## About this task
Somewhere below are a line with "Рис. 2.1 Малюнок" and a later line with "Автор малюнка восьмирічний". Output exactly those lines and all lines between them.
━━ Source material
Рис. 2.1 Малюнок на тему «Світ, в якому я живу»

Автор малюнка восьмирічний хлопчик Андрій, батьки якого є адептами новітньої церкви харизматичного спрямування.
━━━━
━━ Source material
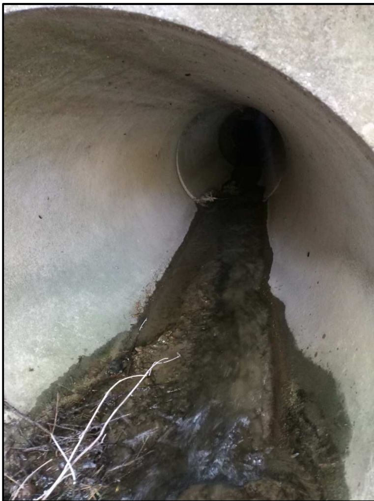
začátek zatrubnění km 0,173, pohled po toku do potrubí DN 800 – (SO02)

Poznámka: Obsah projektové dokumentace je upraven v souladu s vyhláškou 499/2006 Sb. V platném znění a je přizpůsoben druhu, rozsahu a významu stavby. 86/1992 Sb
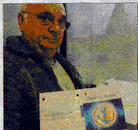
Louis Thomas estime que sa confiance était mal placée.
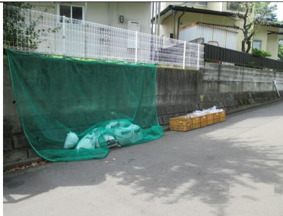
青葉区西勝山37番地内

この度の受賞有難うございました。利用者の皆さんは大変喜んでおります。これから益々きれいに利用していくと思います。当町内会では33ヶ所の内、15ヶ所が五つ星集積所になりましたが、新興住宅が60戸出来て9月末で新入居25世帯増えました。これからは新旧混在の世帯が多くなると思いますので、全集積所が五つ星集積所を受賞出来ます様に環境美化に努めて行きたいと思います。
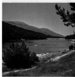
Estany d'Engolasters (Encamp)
━━━━
## Exercise output
Рис. 2.1 Малюнок на тему «Світ, в якому я живу»

Автор малюнка восьмирічний хлопчик Андрій, батьки якого є адептами новітньої церкви харизматичного спрямування.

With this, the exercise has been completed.